Thinspiration, fitspiration and finding fault

In March of this year, Pinterest - y’know, that online cork board that stay-at-home moms in America use to document their must-have wallpapers - updated its acceptable use policy, moving to prohibit pins that actively encourage self-abuse and self-harm, including (but not limited to) eating disorders such as anorexia and (its lesser-known sister and butt of many overfeeding jokes) bulimia.
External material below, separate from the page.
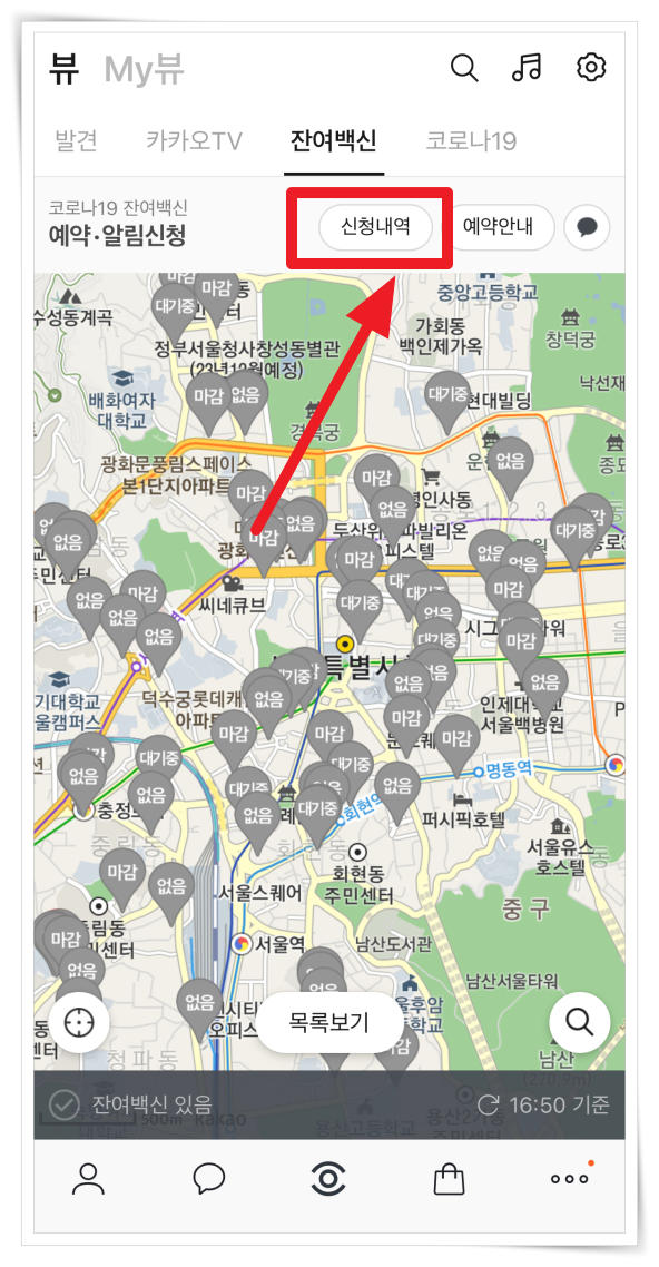 3. 잔여백신 상단 "신청내역"을 클릭해 주세요.

It was following the lead of Tumblr, a blogging platform largely used for displaying photographs, which, in March 2011, released a statement implementing a new “policy against pro self-harm blogs”. Tumblr suggested that, when a user searched for tags like “thinspiration”, “thinspo” and “proana” (pro-anorexia), a public service announcement would pop up that read: “Eating disorders can cause serious health problems, and at their most severe can be life-threatening. Please contact the [resource organization] at [helpline number] or [website].” *

It brings up so many big questions - should sites such as Tumblr, Pinterest and Wordpress seek to prohibit people’s expression, interests and inspirations, even if they disagree with said items? Can censoring imagery really help curb eating disorders?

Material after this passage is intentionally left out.